Почему императрица Елизавета Петровна отменила смертную казнь
За 20 лет правления императрицы Елизаветы Петровны, с 1741 по 1761 год, не было совершено ни одной смертной казни. Французский литератор и дипломат Жозеф де Местр назвал «упразднение» смертной казни при Елизавете Петровне «ложным человеколюбием и признаком неполноценности нации». А итальянский философ Чезаре Беккариа был вдохновлен «знаменитым примером императрицы Московии» и через три года после ее кончины опубликовал свой трактат «О преступлениях и наказаниях».
Указ, которым приостанавливалось исполнение экзекуций по делам колодников, приговоренных к смертной казни, политической смерти, а в отдельных случаях и к вечной ссылке, был опубликован 7 мая 1744 года. Канцеляриям следовало высылать в Сенат описания их дел и ждать дальнейших распоряжений. С одной стороны, приказывалось «экзекуции не чинить», но с другой - количество смертных приговоров никак не регламентировалось, и они неизменно выносились на основании существующего законодательства. О моратории вообще мало кто был осведомлен даже в среде высшего сословия. Указ был составлен собственноручно императрицей - в качестве заключения по поводу представленного ей доклада Сената, на тех же листах. Подлинник немедленно скрыли в секретной экспедиции, а в публичную экспедицию поступила копия, содержащая лишь высочайшее распоряжение без замедления высылать экстракты дел колодников, приговоренных к высшей мере наказания. Именно эта копия без какого-либо упоминания о существовании спрятанного указа и была направлена в коллегии, канцелярии, губернии и провинции.

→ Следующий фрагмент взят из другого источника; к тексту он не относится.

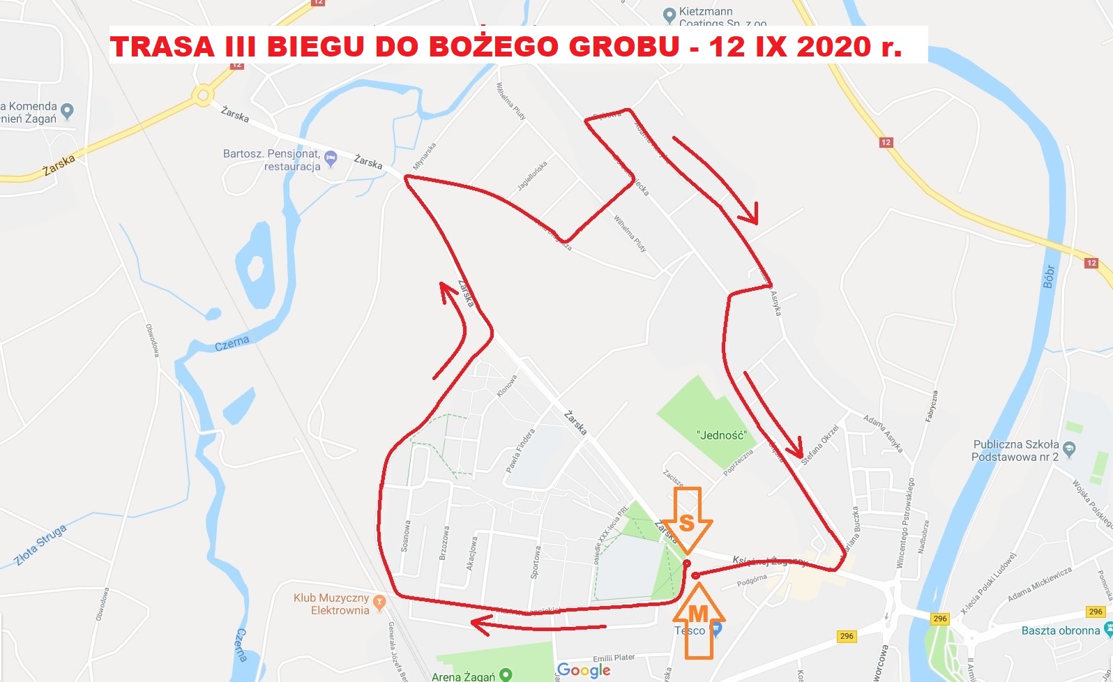 START nastąpi o godz. 14:44 bezpośrednio z ul. Piastowskiej (przy wejściu na teren cmentarza Parafii NNMP). Zawodnicy pobiegną następnie ulicami M. Konopnickiej, Sosnową (obwodnica), Żarską (od Kościoła Garnizonowego do ul. Młynarskiej), Długosza, Stromą, Bolesławiecką, Dębową, Asnyka, Zamkową, Śląską, Lubuską, Księżnej Żaganny. Metę zaplanowano przy domu katechetycznym Parafii Nawiedzenia Najświętszej Maryi Panny.

Однако престол ревностно относился к принятому закону, действовал на опережение и после присоединения новых земель немедленно направлял туда указы о приостановке или отмене смертной казни. Мораторий относился даже к осужденным по делам Тайной канцелярии и военным преступникам. Менее чем за десять лет с момента издания указа в Сенате скопилось 279 приговоров к смертной казни и еще 3579 дел, связанных с убийствами, воровством и разбоями, были в производстве и ожидали конфирмации императрицы. Не меньшие проблемы, правда, терминологического плана, возникли и при реализации второй части указа 1744 года - «о неисполнении приговоров к смертной казни и политической смерти». Если суть «натуральной смерти» была более или менее ясна и в Петербурге, и в провинциях, то сам термин «политическая смерть» вызвал глубокое недоумение на всех уровнях власти. Елизавета потребовала от Сената вопрос проработать и представить бумагу, где перечислить законы, регламентирующие ритуал политической смерти и четко фиксирующие преступления, за которые полагалось такое наказание.
Развернутое толкование политической смерти было дано лишь в 1753 году: «Сенат рассуждает: политическою смертью должно именовать то, ежели кто положен будет на плаху или возведен будет на виселицу, а потом наказан будет кнутом с вырезанием ноздрей или хотя и без всякого наказания, только вечной ссылкой». Кажущаяся противоречивость данной трактовки заключалась в том, что приговоры к политической смерти оставались без приведения в исполнение, а кнут, вырезание ноздрей и ссылка за «воровство и разбои» применялись повсеместно без каких-либо докладов в Сенат и политической смертью не считались. Таким образом, под ту или иную форму высочайшего запрета попадала не только смертная казнь, но и ее инсценировка, практически приравненная мораторием к смертной экзекуции по тяжести наказания.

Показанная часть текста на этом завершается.